Through resorting to the socioeconomic and political indicators adopted in measuring the fragility of a state, several factors inter alia poverty, economic decline and corruption indicate Jordan’s fragility as a state. As with regard demographic pressures, the crucial argument of the Jordanian government in eclipsing its failure, yes Jordan did and continue to suffer of demographic pressures of influx of refugees the last several decades with accompanying socioeconomic and security challenges especially in the aftermath of the proxy war in Syria. However, Jordan with its limited natural sources and sensitive geographic location abandoned its viable foreign policy of neutrality resulting in antagonizing states in the region and beyond and losing their in kind and financial support.

Diverse pressures beyond the control of the Jordanian government were further aggravated with failed executive and legislative authorities, but foremost through deep rooted and widespread corruption that left no sector untouched including those dealing with the most vulnerable segments of the society.
This said, Jordan’s standing in the FSI did improve during 2011-2016 foremost with HM King Abdullah II championing political reforms. Yes bridges are rebuilt between the Monarch of Jordan and the Jordanian people with the ongoing concern of the Monarch in and apt directives towards alleviating the hardships of Jordanians. However, the sustainability of these bridges warrant restructuring yet another element of the government the Royal Court, that is entrusted with the responsibility of and has a crucial role in delivering the Monarch's visions and concerns, not least securing open channels between the Monarch and the Jordanian family, especially the excluded intellectual elites of Jordan. The excluded intellectual elites and Jordan’s youth in general who together with Jordan’s security apparatus vehemently revived Jordan’s culture of peace and gained worldwide respect during and post the peaceful protests and emerged as the true heroes of Jordan.

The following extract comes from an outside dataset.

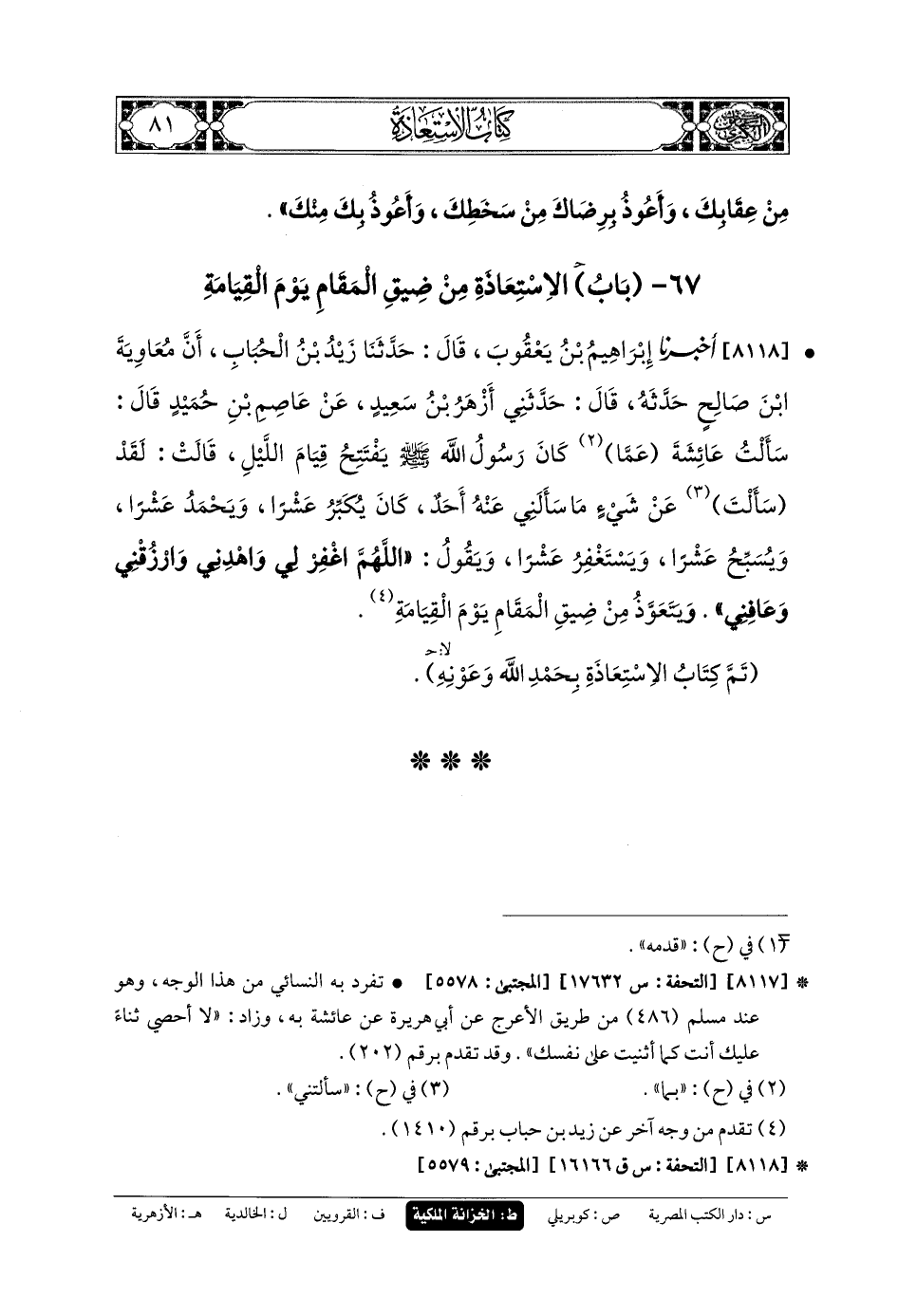 8118- أَخبَرنا إِبْرَاهِيمُ بنُ يَعْقُوبَ، قَالَ: حَدثنا زَيْدُ بنُ الحُبَابِ، أَنَّ مُعاويَةَ بْنَ صَالِحٍ حَدَّثَهُ قَالَ: حَدَّثني أَزْهَرُ بنُ سَعِيدٍ، عَن عَاصِمِ بنِ حُمَيْدٍ قَالَ: سَأَلْتُ عَائِشَةَ عَمَّا كَانَ رَسُولُ اللهِ صَلى الله عَلَيهِ وسَلم يَفْتَتِحُ قِيَامَ اللَّيْلِ؟ قَالَتْ: لَقَدْ سَأَلْتَ عَن شَيْءٍ مَا سَأَلَنِي عَنهُ أَحَدٌ، كَانَ يُكَبِّرُ عَشْرًا، وَيَحْمَدُ عَشْرًا، وَيُسَبِّحُ عَشْرًا، وَيَسْتَغْفِرُ عَشْرًا وَيَقُولُ: اللهُمَّ اغْفِرْ لِي وَاهْدِنِي وَارْزُقْنِي وَعَافِنِي وَيَتَعَوَّذُ مِنْ ضِيقِ المَقَامِ يَوْمَ القِيَامَةِ.

Last but not least, it is imperative to underline that security issues did gain priority over political reforms, a prerequisite for economic prosperity; given Jordan neighbouring conflicts hit countries, in addition to homemade extremists. But it is equally crucial to highlight Jordan remains in the warn category of Fragile States Index and appointing a prime minister of high credibility and integrity without dissolving the parliament and calling for new parliamentary elections most probably with new elections law, and without uprooting corruption in all its forms and restructuring key institutions is a recipe for Jordan to become a failed state.